Poland's official representative to the CIS Interstate Aviation Committee (IAC) Edmund Klich is expected to arrive in Moscow on Monday to obtain documents on the air crash that killed many Polish officials in April, media reported.
A Soviet-made Tu-154 carrying then President Lech Kaczynski and about 90 officials crashed en route to the western Russian city of Smolensk on April 10, killing everyone on board. The high-ranking delegation was due to attend a memorial ceremony for the victims of the 1940 Katyn massacre, in which Soviet secret police killed thousands of Polish military officers.

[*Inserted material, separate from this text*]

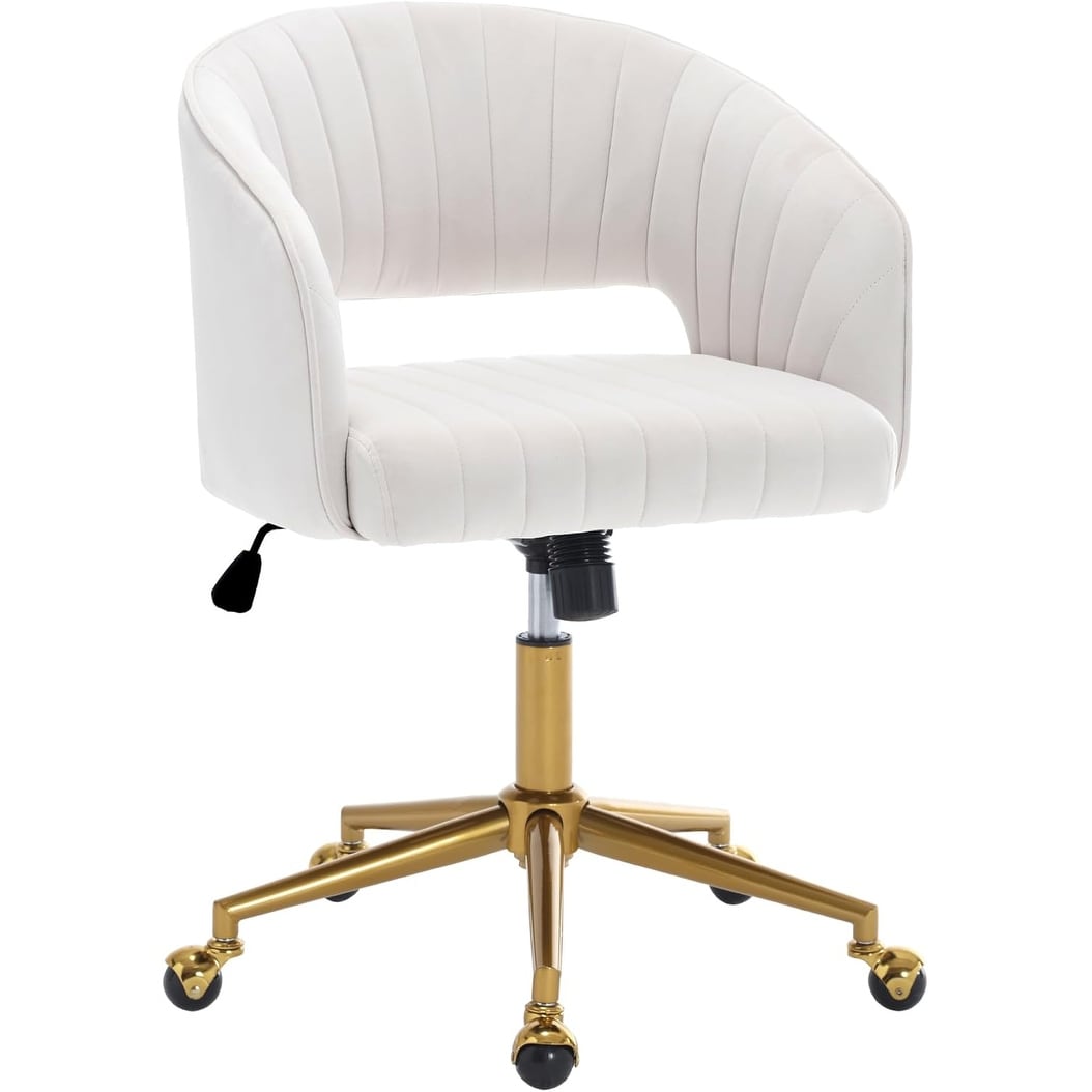 Modern Velvet Swivel Desk Chair with Gold Base, Ergonomic Height Adjustable Armchair for Office, Living Room, Study, or Vanity

Russian and Polish investigators and experts have been jointly investigating the causes of the crash.
Polish Prime Minister Donald Tusk said August 10 that all documents on the crash Poland expects to obtain from Russia are "ready for handing to Edmund Klich in Moscow."

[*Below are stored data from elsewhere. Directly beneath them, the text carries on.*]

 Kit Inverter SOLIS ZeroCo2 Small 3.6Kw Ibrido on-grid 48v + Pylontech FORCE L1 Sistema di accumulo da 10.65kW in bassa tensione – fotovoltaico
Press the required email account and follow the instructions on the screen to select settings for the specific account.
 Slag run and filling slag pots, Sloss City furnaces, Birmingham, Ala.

Following the crash, Poland held early presidential elections, which were narrowly won by Bronislaw Komorowski, a pro-EU, moderate member of the governing Civic Platform party.

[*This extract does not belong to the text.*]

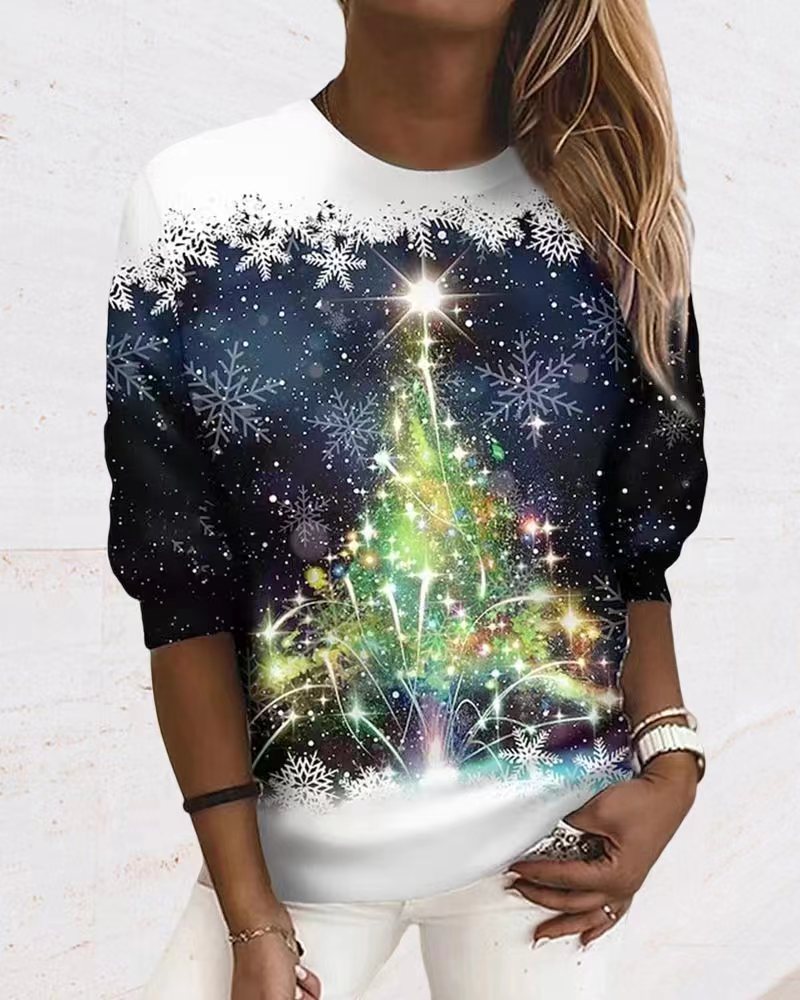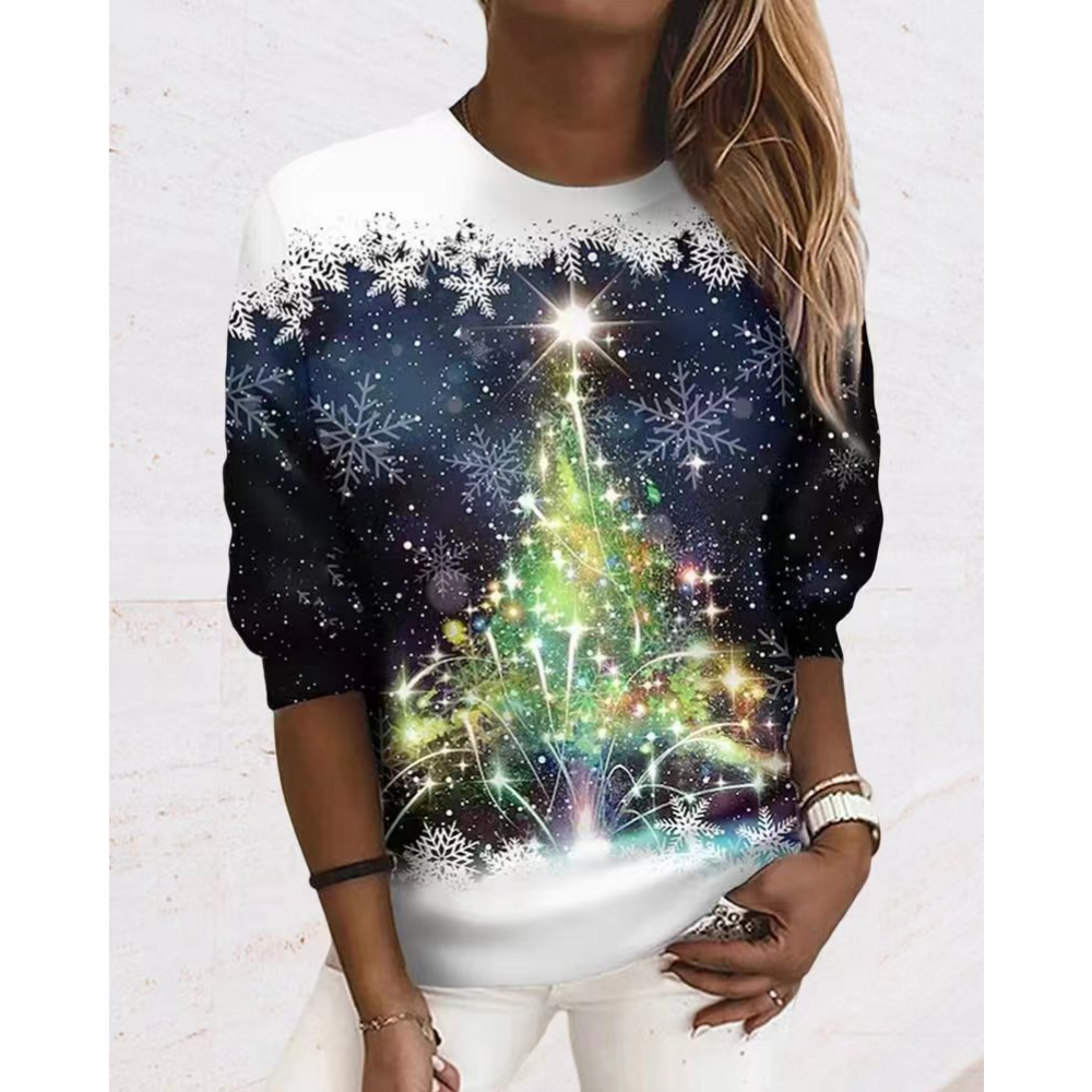 SPREAD HOLIDAY CHEER WITH GLAMOR BY WEARING THIS GOLD PRINT CHRISTMAS TREE SHIRT. SWIRLING RIBBONS WITH A BOW TIE ON TOP OF THE CHRISTMAS TREE ADD A LUXE APPEAL TO THIS BLACK LONG SLEEVE TOP, GIVING IT A SOPHISTICATED LOOK PERFECT FOR A HOLIDAY PARTY, DATE, OR NIGHT OUT. COMPLEMENT THIS EYE-CATCHING DESIGN WITH GOLD LIGHTWEIGHT LAYERING NECKLACES AND HOOPS.

Under Kaczynski, Moscow and Warsaw were at odds over a range of historical disputes, but the Russian leadership's sincere reaction to the deadly crash helped improve Russia's image in the eyes of many Poles.
Poland's newly inaugurated President Komorowski opened on Sunday a memorable plaque in Warsaw Military Cathedral to commemorate the victims of the plane crash in western Russia.
The memorable plaque was placed in the cathedral's Katyn chapel. The plaque bears the names of all the people who died in the crash. There is also a box to the left of the plaque with the earth from the site of the plane crash.